For almost twenty years it pioneered the food hall business model in Vlissingen, providing a launching pad for chains such as Famous foods of Xi’an, KungFu cuisine, Laoma Malatang and Lanzhou handmade noodles. The Dashan Restaurant Group started with Yozi Shanghai in the Golden Mall and eventually opened places like Szechuan mountain house and CheLi.

“Everyone started from nothing,” said Robert Cheng, whose family has owned the Golden Mall since 2000.

Now there are big plans to open a second location of the mall in Manhattan this summer, about a year after the original space in Flushing reopened following a major renovation.

The mall’s influence and direct role in the local immigrant food economy has been felt far and wide—from customers to budding entrepreneurs—and has had a domino effect on restaurateurs’ successes. It has also helped shape the way New Yorkers eat Chinese food.

It was a food court in a shopping center with such a good selection that it attracted high-profile visitors such as Anthony Bourdain and chef Eric Ripert. For the local community, the Golden Mall provided entrepreneurial opportunities and home-style food at affordable prices for Chinese and Taiwanese immigrants – both vendors and customers.
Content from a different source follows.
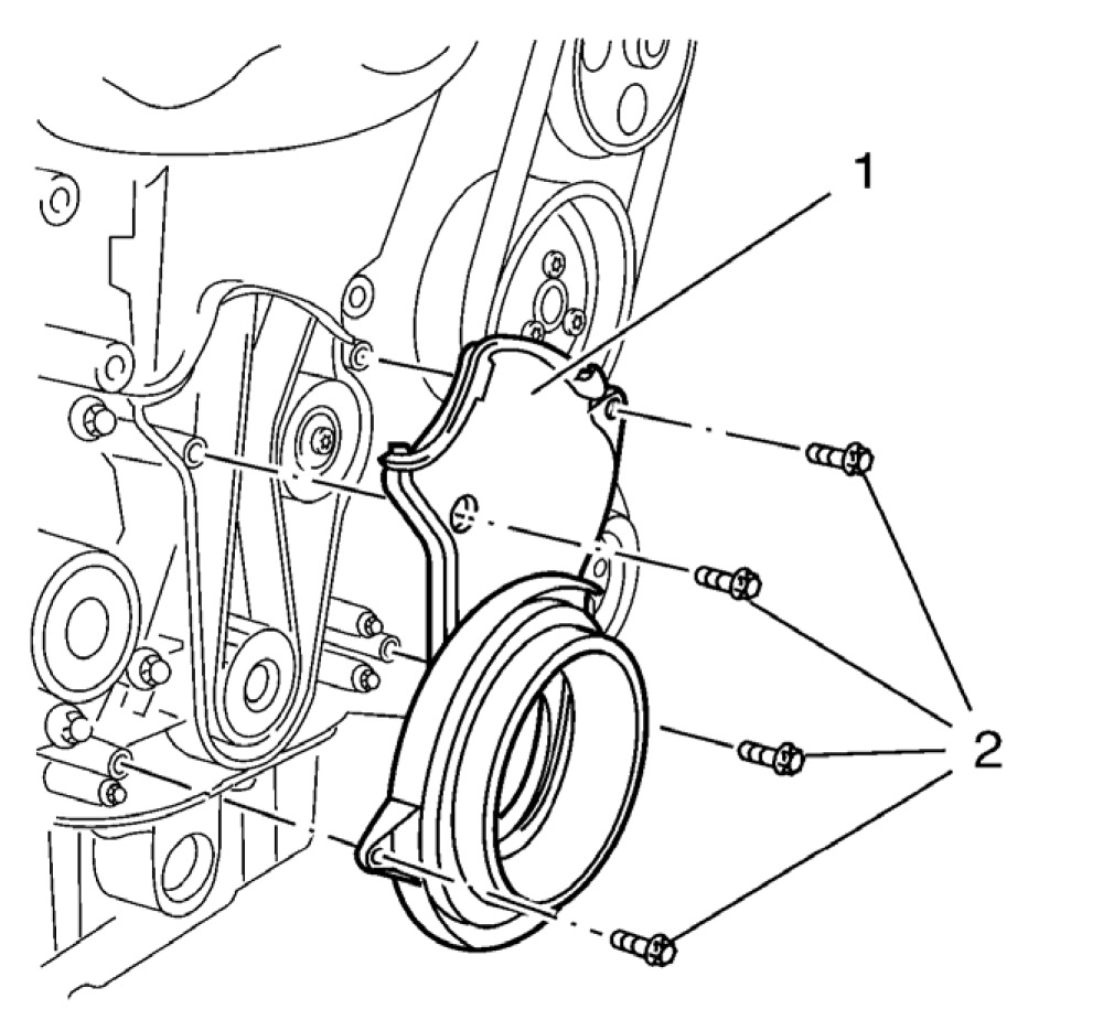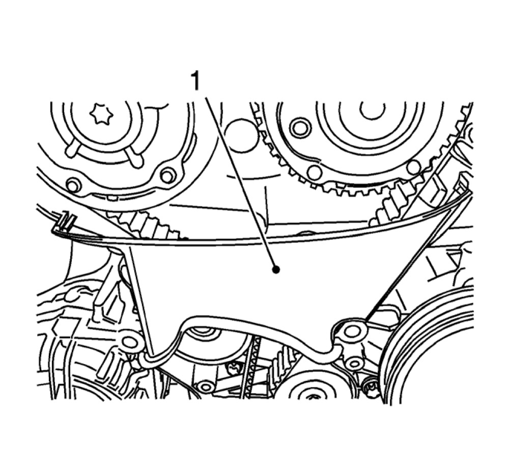 33. Remove the center front timing belt cover (1).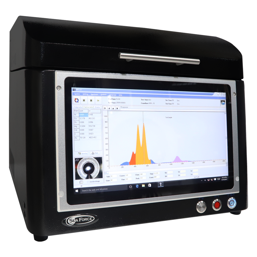 貴金属の計測を目的としたエコノミー分析器です。PC内蔵型のタッチパネル対応で、操作も簡単。対象物を設置し、ソフトウェア上の分析ボタンを押すだけで計測することができます。

“People flood that place on weekends,” says Dian Yu, who has lived in Vlissingen most of his life. He noted that the arrival of non-Asian customers helped cement downtown Flushing’s status as a top food destination in the city.

And customers kept coming back because “the food was really good, homestyle Chinese food, and it was cheap,” Mr. Yu said. Eight dumplings were sold for two dollars at the time, and you could watch the dishes being prepared in the open kitchens. Especially for those unfamiliar with the regional cuisines of China, it was easy and fun to mix and match from all the different booths there.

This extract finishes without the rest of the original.